Micro-season 28 of 72 · May 21 – May 25
Silkworms feast on mulberry leaves.
Kaiko okite kuwa wo hamu
Silkworms awaken in their trays and begin devouring fresh mulberry leaves, their rhythmic eating filling traditional farmhouses with a sound like gentle rain.
The mulberry groves stand heavy with leaf, each tree a deep green cathedral humming with purpose. In sericulture villages, the soft rustle of thousands of tiny mouths on fresh leaves creates a continuous whisper — the sound of transformation beginning. The air carries the faint vegetal sweetness of chewed mulberry, mixing with the warmth of late May mornings.
Nature notes
Silkworms, now in their voracious third and fourth instars, consume their body weight in mulberry leaves each day, growing visibly between feedings. Swallows dip and wheel above flooded paddies where rice seedlings have just been transplanted, their reflections doubling in the still water. The hydrangeas are budding but not yet open, holding their color in secret.
In season
Fruits
Vegetables
Fish
At the table
Loquats poached in light syrup, their coral flesh turning translucent, capturing the fleeting sweetness of early summer.

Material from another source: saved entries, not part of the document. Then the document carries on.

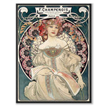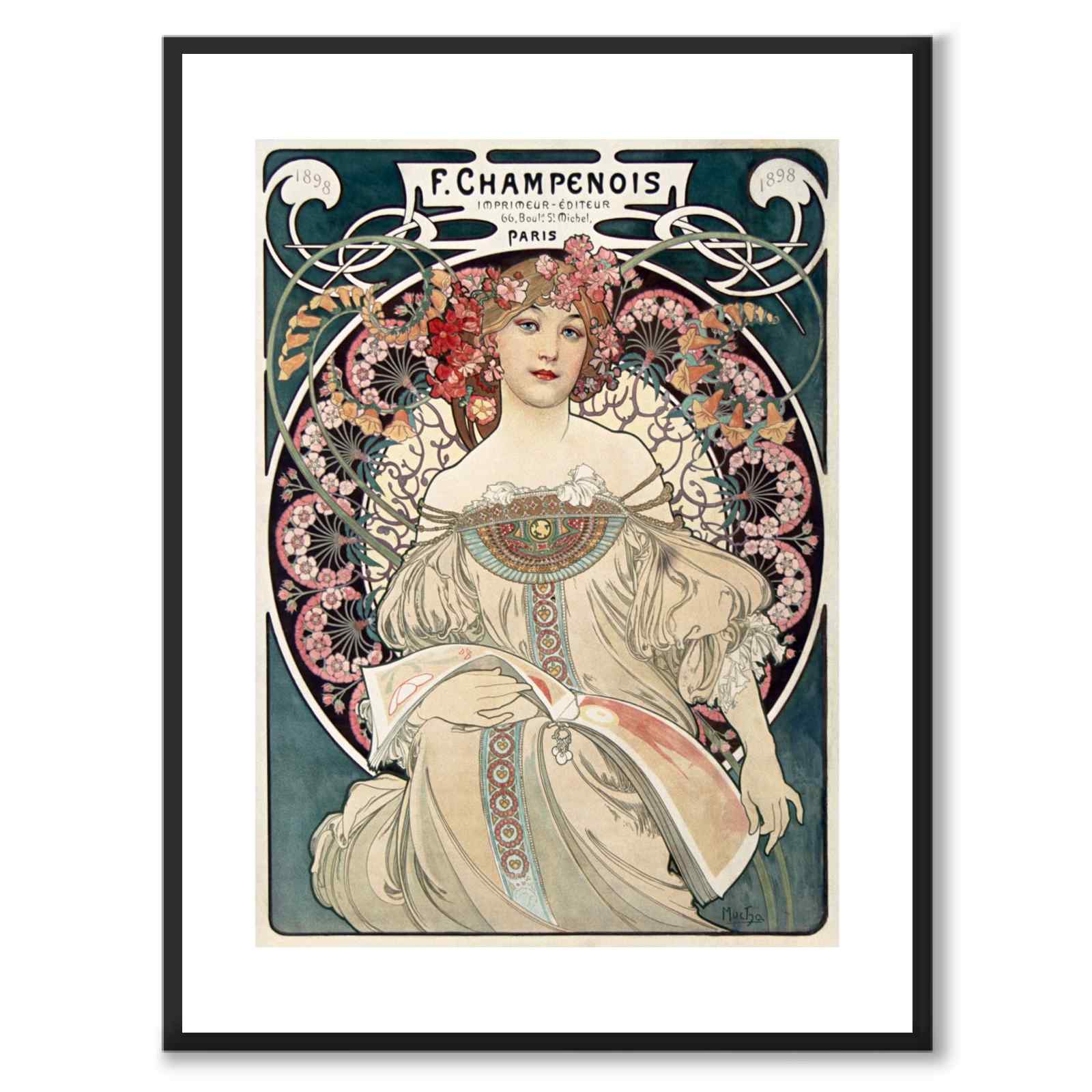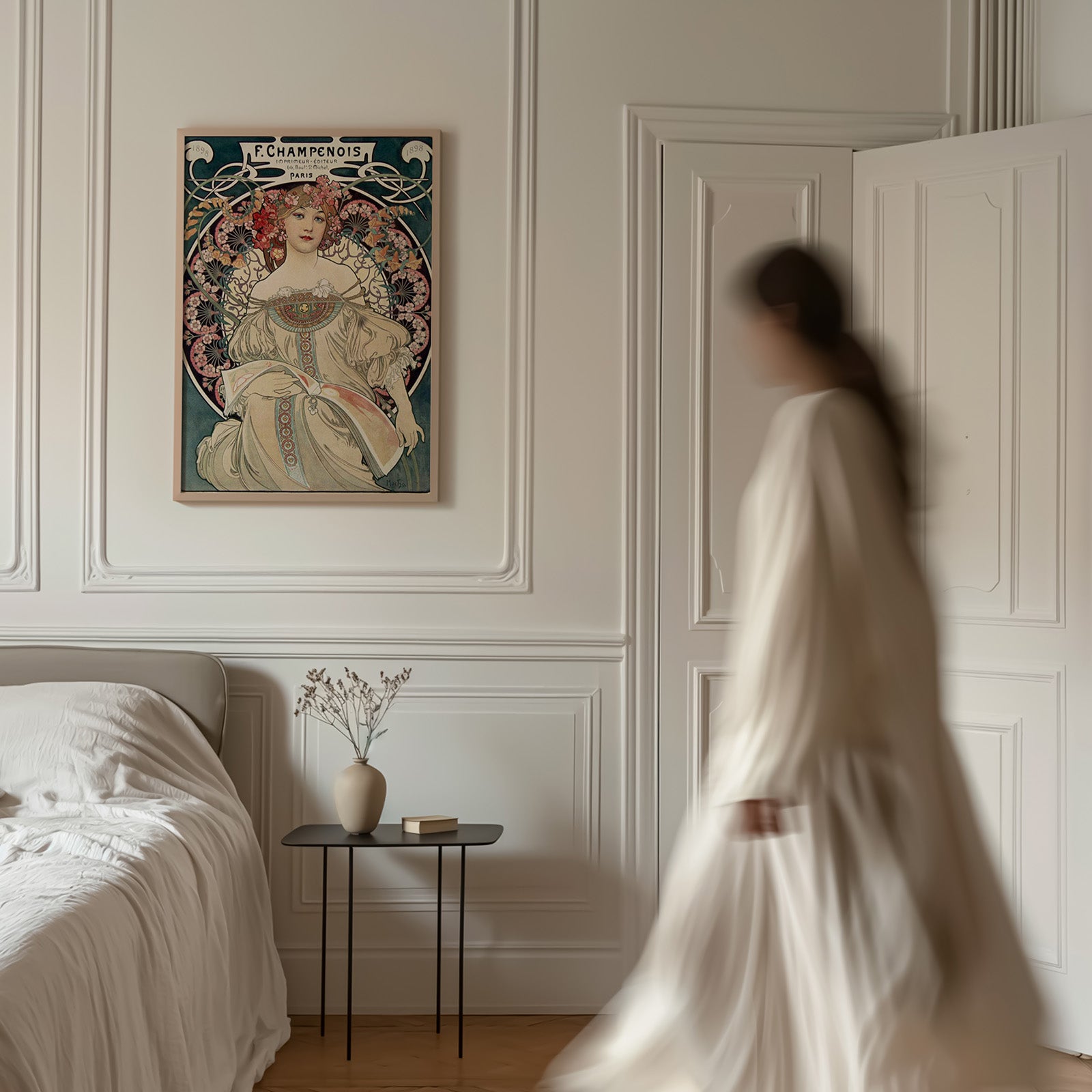 Poster with the poster "F. Champenois" by Alphonse Mucha (1860-1939) created in 1898. The painting shows a woman wearing a white dress and a wreath of flowers in her hair. Around her are decorative details such as flowers and lines, typical of the Art Nouveau style.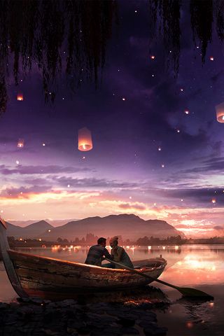 Download 320x480 boat, couple, stars, night, romance, art wallpaper, background samsung galaxy ace gt-s5830, sony xperia e, miro, htc wildfire s, c, lg optimus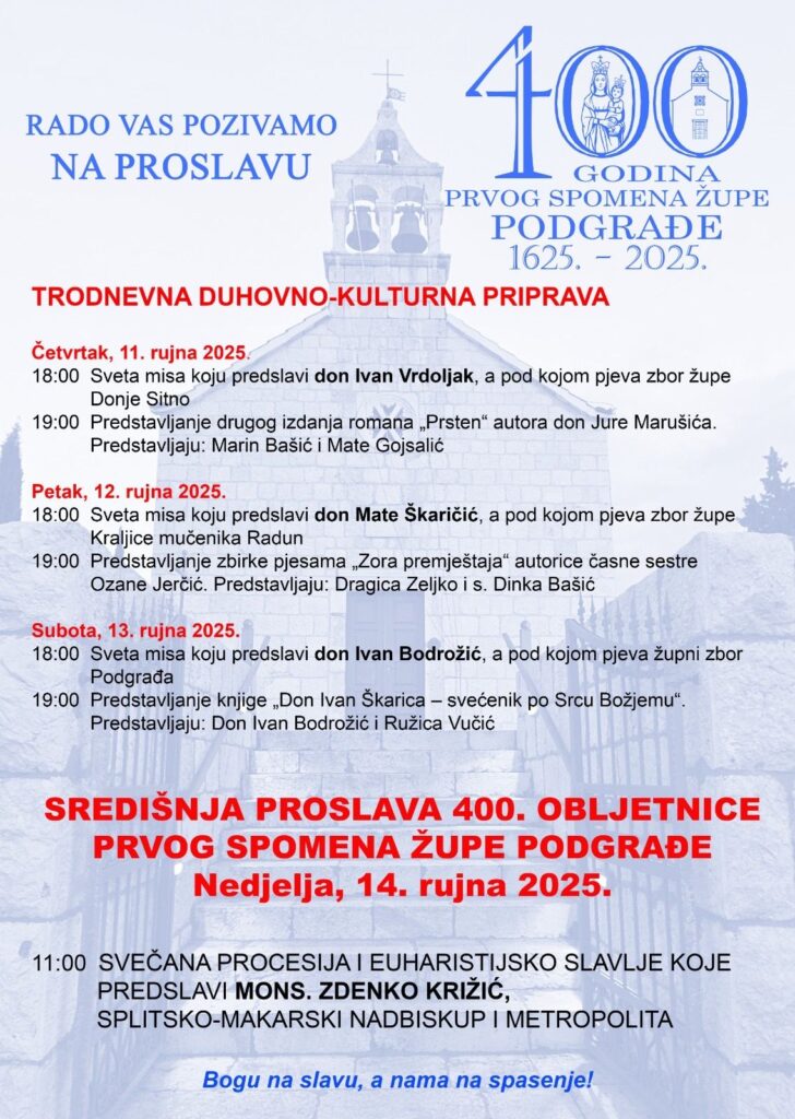 Župa Podgrađe u omiškom zaleđu, a Poljičkom dekanatu, od 11. do 14. rujna, proslavlja 400. obljetnicu prvog spomena.

Stir-fried silk pod peas with shrimp, the pods still crisp and almost squeaking, dressed simply with sake and salt.
Salt-grilled grunt fish, its skin blistered and crackling, the flesh at its sweetest before the rainy season arrives.

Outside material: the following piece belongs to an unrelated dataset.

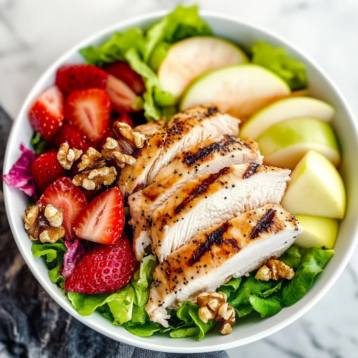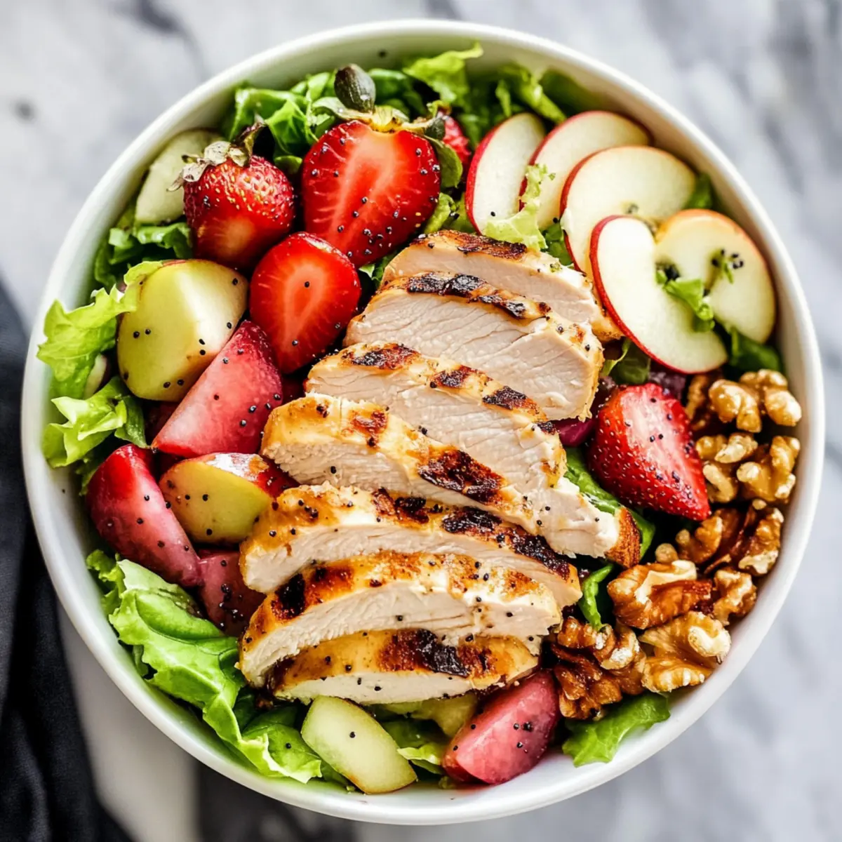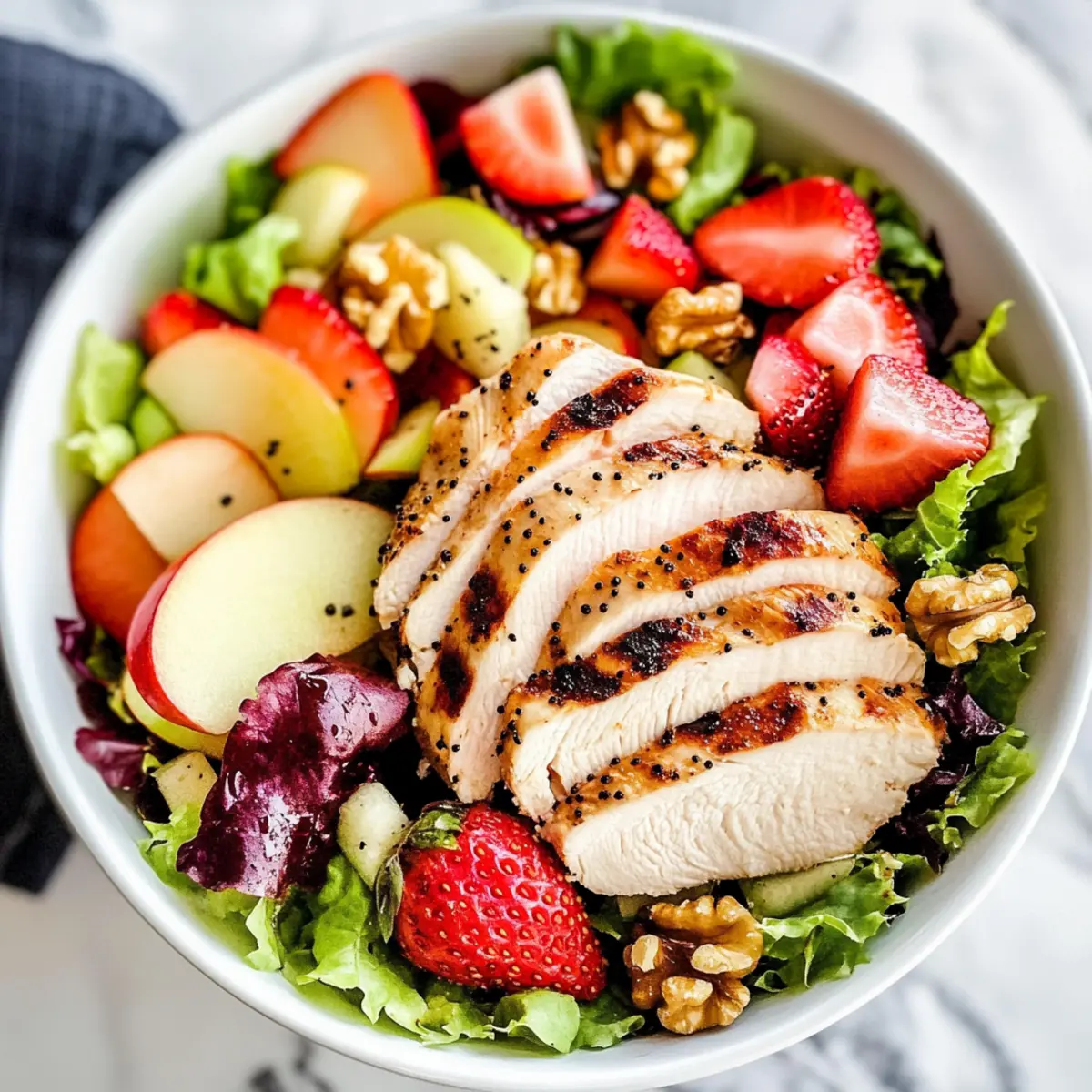 Now it’s time to crown your salad! Arrange the sliced chicken over the top of the salad. Drizzle your favorite creamy poppyseed dressing generously over everything. If you love an extra pop of flavor, feel free to add a splash of raspberry vinaigrette to complement the strawberries beautifully.

New garlic cloves pickled in soy sauce, mild and juicy, without the bite of aged bulbs.
Cultural note
This micro-season marks the height of traditional sericulture's most demanding period. Farming families once slept in shifts to feed silkworms around the clock, maintaining the warmth and humidity the creatures required. The phrase 'お蚕様' (okaikosama) — 'honorable silkworm' — reflects the reverence given to these insects that sustained entire regional economies, from the mountains of Gunma to the valleys of Nagano.
蚕の音や夜も絶えざる桑を食む
kaiko no oto ya / yoru mo taezaru / kuwa wo hamu
sound of silkworms — / through the night without ceasing / they devour mulberry
In the rearing house, a single silkworm lifts its pale head, searching for the next leaf — patient, ancient, already dreaming of silk.